So the workflow is built to nurture the window rather than fill it. Conventions live in glob-keyed maps, and only the entries matching the files a task actually touches get pulled in, at the two moments they matter: during planning and after implementation. Skills load when invoked, not as permanent preamble. Hooks inject their guidance at the instant of the event they handle, not a thousand turns earlier. The principle throughout: don't tell the model everything up front and hope it remembers. Hand it the applicable instruction when and where it applies, so it's actually applied.
Most teams treat code review as a checkpoint — gate-keep the PR, ship it, move on. Sysop treats every review as a data point. When the same finding recurs across PRs, it gets promoted from "feedback on this change" to a written convention that future planning and implementation steps consult automatically.
A planning front door — /intake (Phase 60) — turns a brain-dump into a populated, validated
tasks/index.yml. From there, four lifecycle skills — /next-task, /claim-task,
/document-work, /review-close — carry a single task from queued to merged. Two quality skills
(/codebase-review, /security-audit) generate work back into the queue; a third
(/test-audit) assesses the test suite's standing health. One orchestrator
(/auto-build) fans the same lifecycle across N tasks in parallel. A read-side pair answers a
project's two standing questions — /roadmap (what's left, in what order) and
/daily-summary (what happened) — and /release bundles the merges since the last
tag into a changelog entry, a semver bump, and an annotated tag. Two hooks
(PermissionDenied, SubagentStop) handle the boring mechanics so the skills can stay short.
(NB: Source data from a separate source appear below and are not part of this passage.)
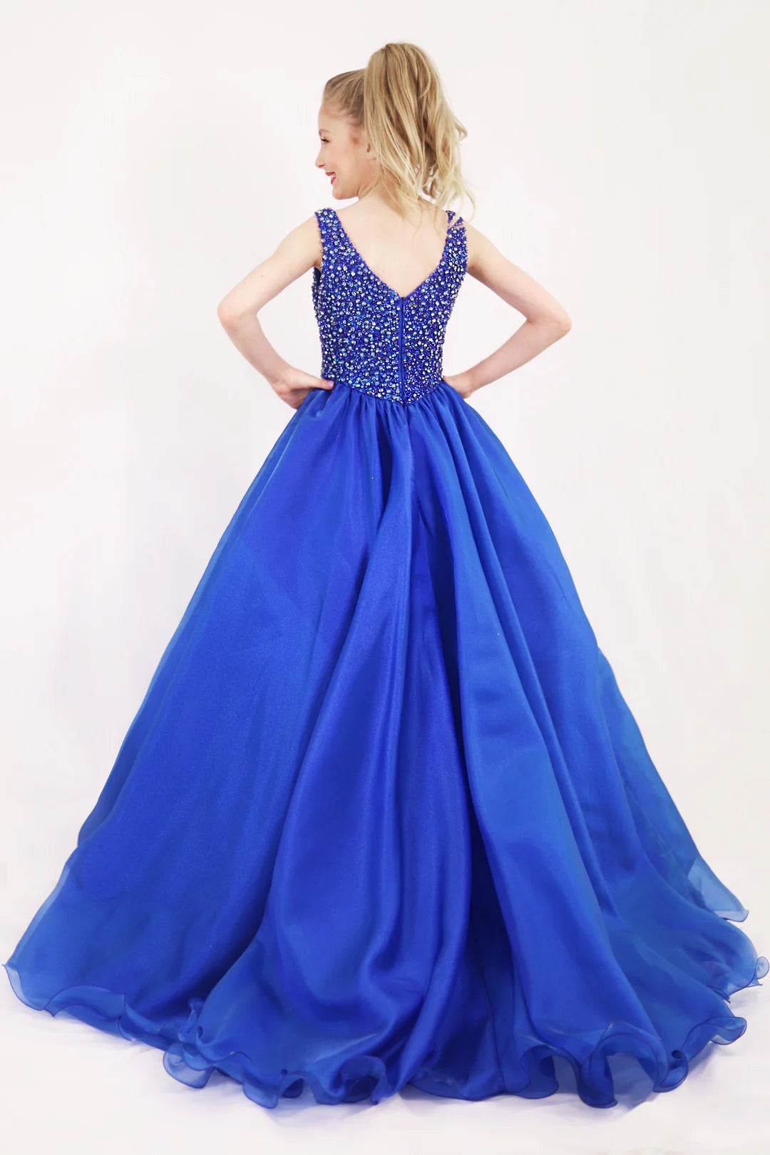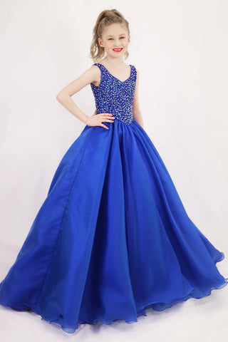 This darling little girl formal includes a beautiful floor length sequined gown made with a beaded lace bodice. This dress is perfect for pageants.
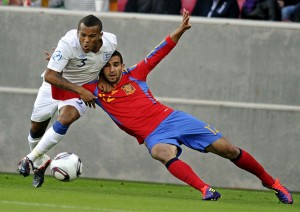 El español Martín Montoya (dr.) y el inglés Ryan Bertrand, durante el Campeonato de Europa Sub-21. (Dinamarca, 12/6/2011)
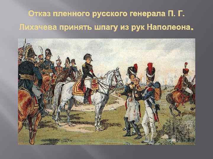 Отказ пленного русского генерала П. Г. Лихачева принять шпагу из рук Наполеона.
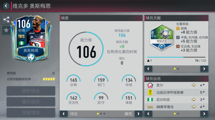 奥斯梅恩奥斯梅恩相对来说没有那么出名,不过这位效力于法甲里尔的锋线快马如今也有超过一千万的身价,这位被狼堡带到欧洲,辗转于德国比利时和法国的塞内加尔前锋也是被球探十分看好的未来之星。
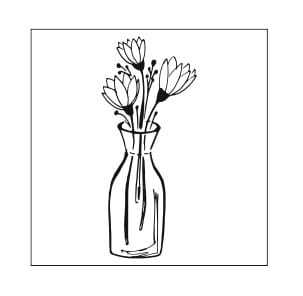 Kwadratowy, gumowy stempel z wiosennym motywem butelki pełnej kwiatów doskonale sprawdzi się do ozdabiania kartek i albumów w stylu boho.
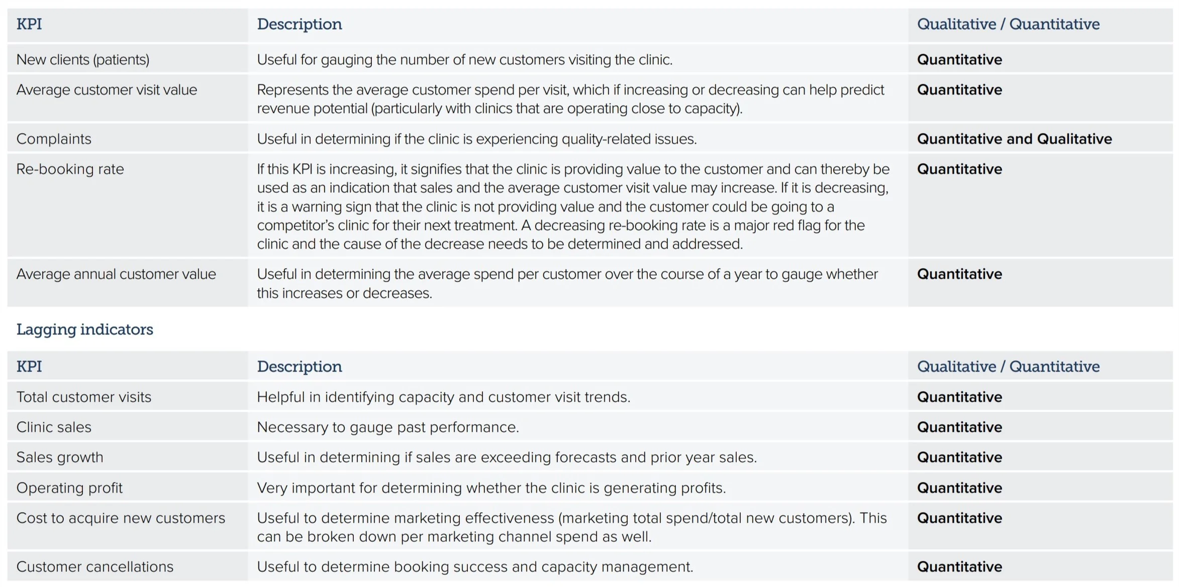Lagging indicators are necessary because they provide the clinic with achieved results. For example, ‘operational profitability’ is a lagging indicator because it only provides data based on historical performance. Therefore, operational performance as an indicator is not always helpful in determining future performance because one period of profit generation cannot guarantee the next period will remain profitable.
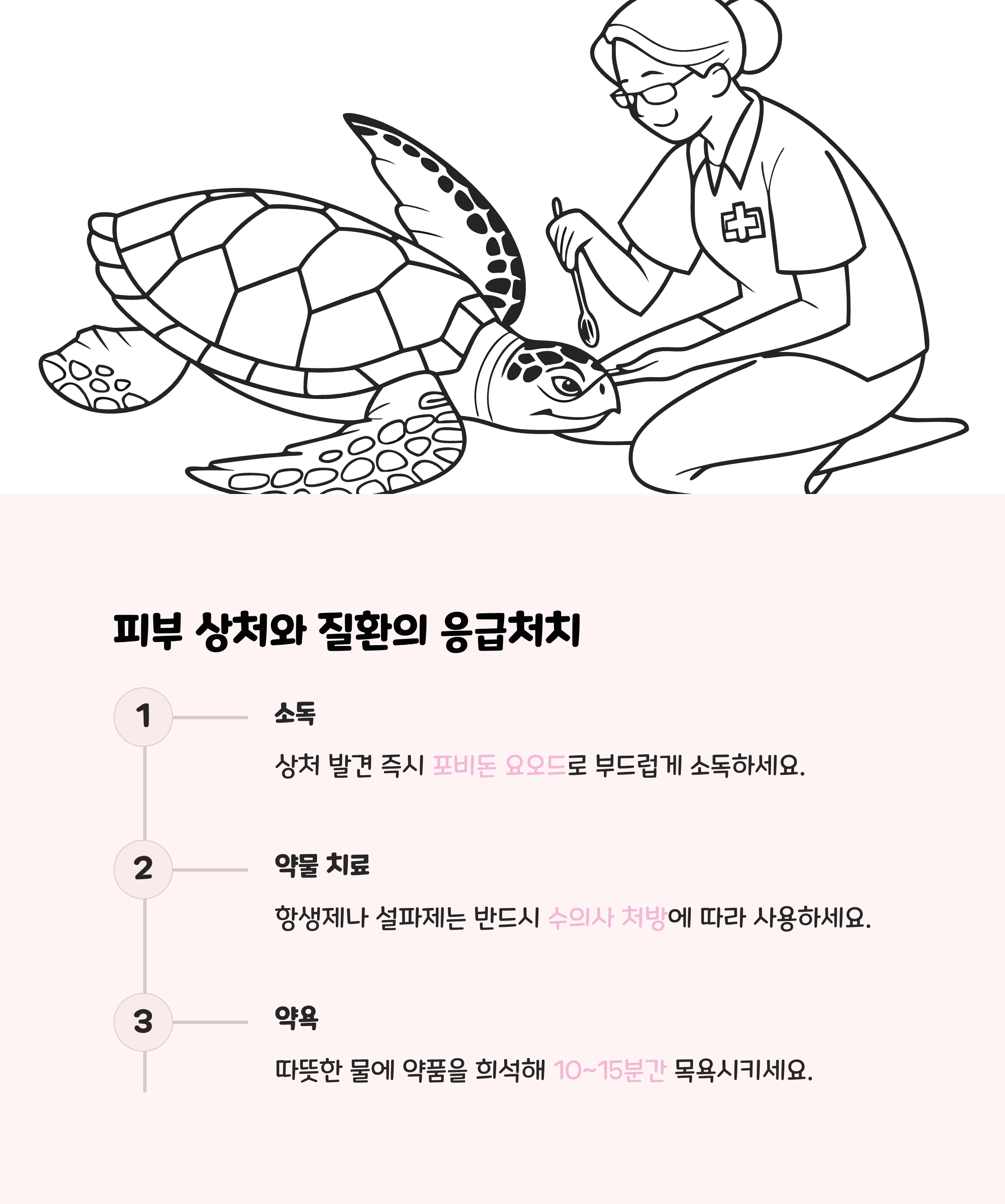 - 피부가 벗겨지거나 점막이 변색된 경우, 약욕을 통해 치료 보조 가능하며 28도 이상의 적정 수온 유지가 중요합니다.
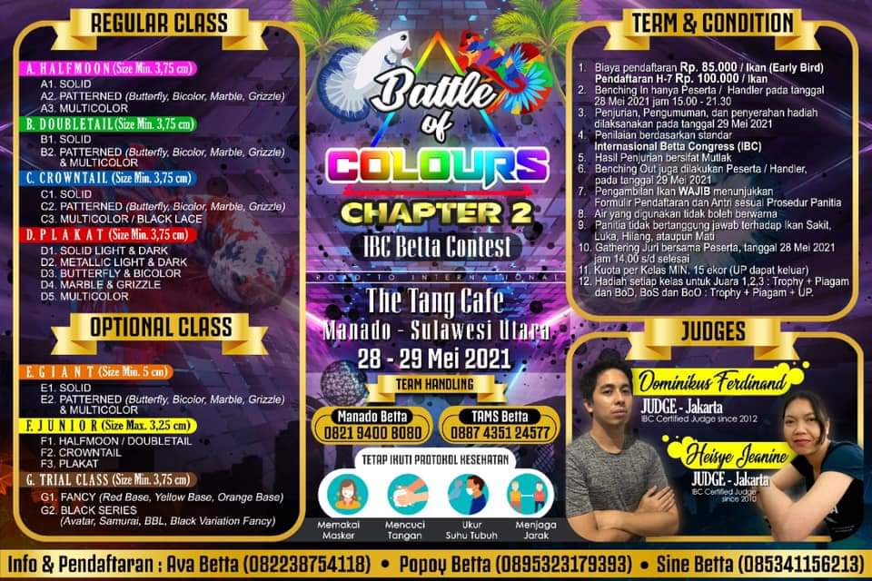 TRIBUNMANADO.CO.ID, Manado – Kontes Ikan Cupang Battle of Colours Chapter 2 akan digelar pada 28-29 Mei 2021 di The Tang Café, Kota Manado, Sulawesi Utara.
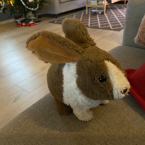 Div småleker, hunder og kanin med bur og utstyr.
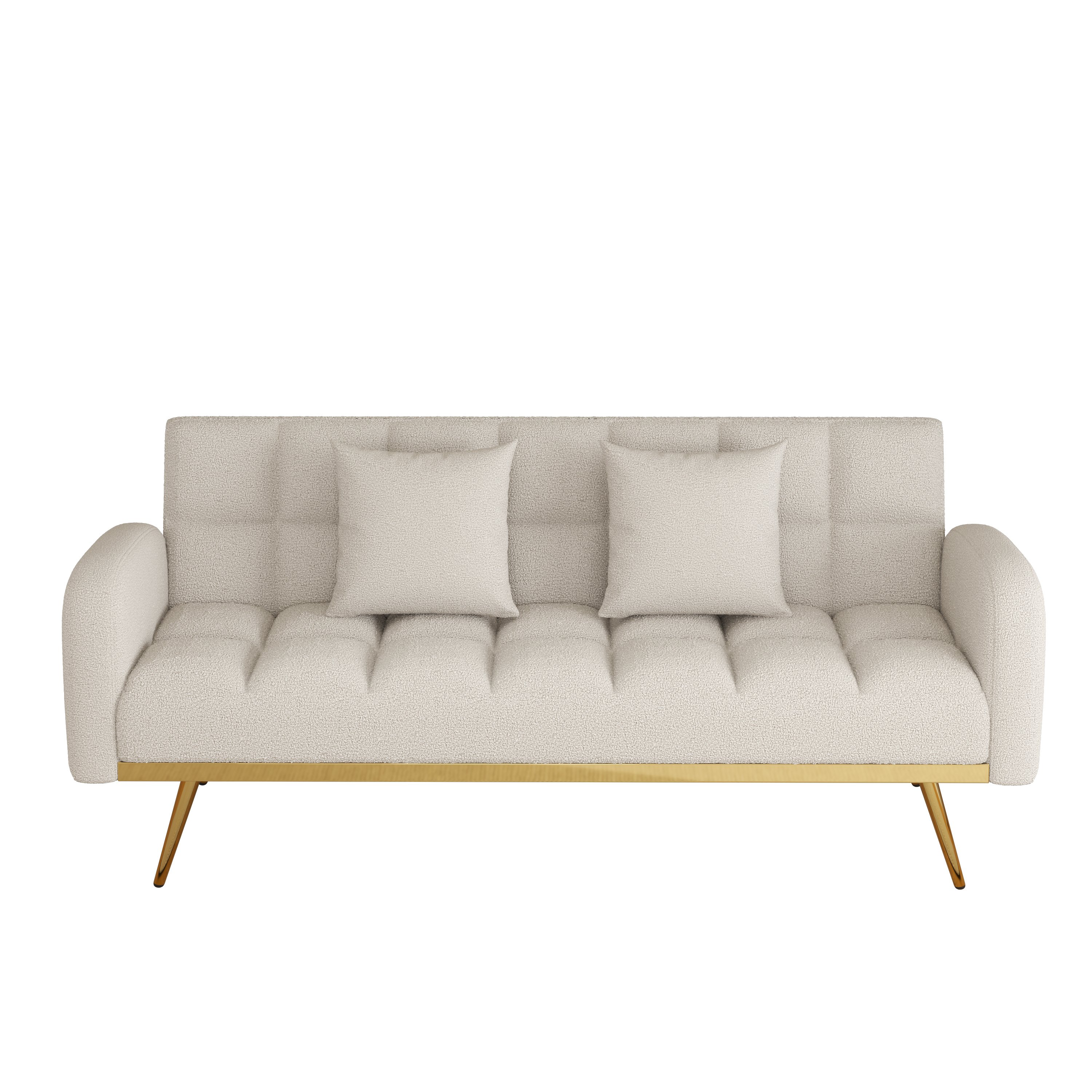 69-inch beige sofa bed with adjustable sofa teddy fleece 2 throw pillows
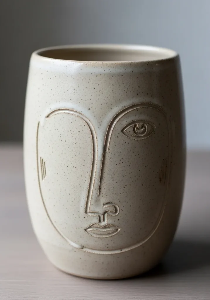 I love pieces like this because they turn a basic cup into something that feels like a tiny sculpture. It is the kind of project that really pushes wheel skills since you have to throw a clean, even form before adding the carved details. Adding facial features takes patience and confidence, but that is what makes it so satisfying. This is the type of pottery that feels modern, artsy, and totally Pinterest worthy all at once.
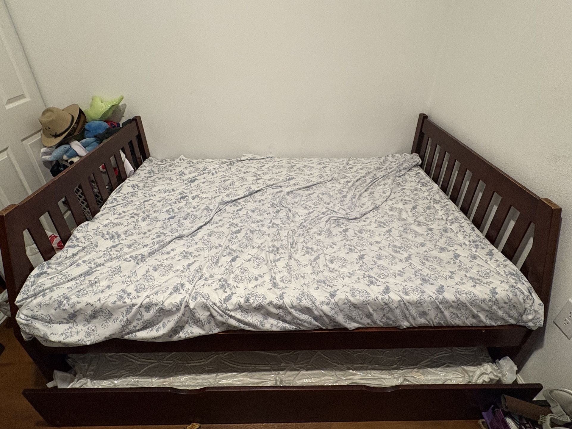 Trundle bed frame ONLY. MATTRESS NOT INCLUDED!! Top bed is Full size bottom is twin size. Dresser has a mirror $250 for both
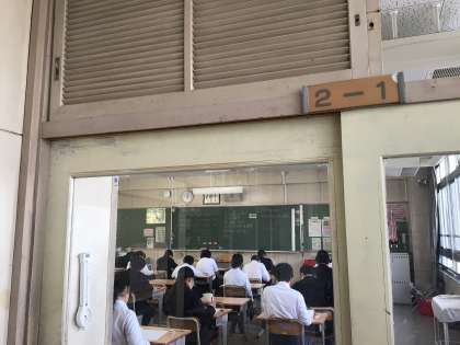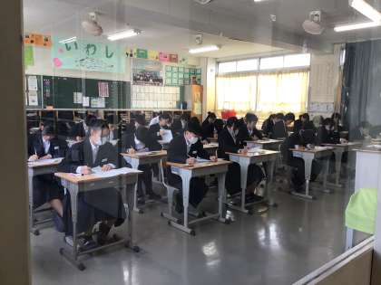 写真は2年生です。真剣に取り組んでいます。1年後は2年生の皆さんも受験生として志望校決定の時期を迎えている頃です。テスト期間の取組はどうだったでしょうか。日頃からコツコツと努力を積み上げることが大切です。今日の午後はのんびりして、しっかり疲れをとってくださいね。

Per-pack convention_map.md files are the persistent memory of the workflow. Each entry traces back to
the review round where the pattern was first observed. /claim-task consults them before planning and
after implementation; /codebase-review uses them as the rubric. Promotion into the map is a human
decision; everything after it is enforcement. And the loop reaches past one repo:
/contribute-convention takes a locally-promoted convention, strips your project's fingerprints
down to placeholder vocabulary, and files it upstream as a pack proposal — the give-back half of the same loop.
Sysop isn't a productivity skin you sprinkle on any repo. It pays for itself in three specific situations, and asks more than it's worth in a fourth. Name yours before going further.
You, shipping a real product alone. The case the workflow was built for. You're a competent engineer producing more code than you can review line by line, and you can't add reviewers. The review has to become structural — deterministic gates, written conventions, adversarial plan critique — instead of eyeball-by-eyeball. The compounding payoff (§ IV) is the reason a solo builder can hold the line on quality at team velocity.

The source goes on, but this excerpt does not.